The Supreme Court of Canada is to rule on a trio of cases involving computer software, hardware and soft drinks. The principle at the heart of the three cases is whether “indirect purchasers” such as consumers can join class actions in alleged price-fixing cases – for instance, when they buy a computer with pre-installed software from Microsoft, where the direct purchaser of the software is an electronics company such as Dell or Hewlett-Packard.

Vancouver lawyer J.J. Camp said such overcharges are almost always passed on to consumers, who should therefore be able to recover damages. “The foremost issue is whether consumers have a cause of action for the overprices they’ve absorbed,” he said in an interview.

“We’re just the poor schlemiels who suffered the overcharge for Microsoft’s overpricing of their software.” His firm Camp Fiorante Matthews is representing British Columbia consumers and a company called Pro-Sys Consultants Ltd. who allege that Microsoft improperly drove up software prices. (The allegations have not been proven in a Canadian court.)

He added that, while authorities in the United States have aggressively prosecuted price-fixing cases, forcing companies to pay fines worth hundreds of millions of dollars, Canada’s Competition Bureau has not been very active, and the class-action lawsuits are an important deterrent to collusion. “We’ve got to stop that kind of conduct.”

The Supreme Court’s rulings will have wide importance, as cases involving cathode-ray tubes, auto parts and cooling compressors, may depend on them. “The decision one way or the other will unblock a whole bunch of class actions that are waiting,” Toronto lawyer Michael Osborne said.

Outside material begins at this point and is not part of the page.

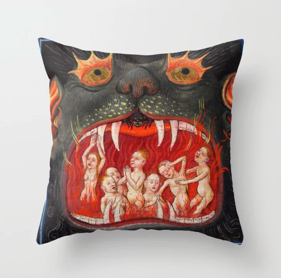 Mouth of Hell Medieval Art Throw Pillow

A key question for the Supreme Court hinges on the so-called “pass-on” issue. It is settled law that those who engage in price-fixing cannot defend themselves by saying that whoever is suing them passed on the costs to someone else.

The B..C Court of Appeal said in a 2-1 ruling that consumers do not have the right to join class-action lawsuits as indirect purchasers. “If the law does not recognize pass-through as a defence to a claim, logically the law cannot recognize pass-through as the basis for a claim,” lawyers Michael Brown and Michael Kotrly said in a written analysis of the Microsoft case and a second one from B.C. involving the maker of high-fructose corn syrup for pop.

Mr. Camp called the B.C. court’s pass-on argument a “cockamamie reason,” and said the Competition Act provides that any person who has suffered a loss may recover it.

Mr. Osborne said the three cases at the Supreme Court involve a collision of “bedrock principles:” “We have a bedrock principle that says that anyone who has suffered a loss is entitled to recover that loss. We have another bedrock principle that says we don’t make defendants pay twice. We have another bedrock principle that says no one will force you to be in a class action. And we don’t allow passing-on as a defence. The court has to choose.”

The Quebec Court of Appeal expressly rejected the B.C. Court’s argument in ruling unanimously that consumers do have the right to join class-action suits as indirect purchasers. The Quebec case involves consumers who challenged the manufacturer of a semiconductor memory product known as DRAM, found in most electronic devices.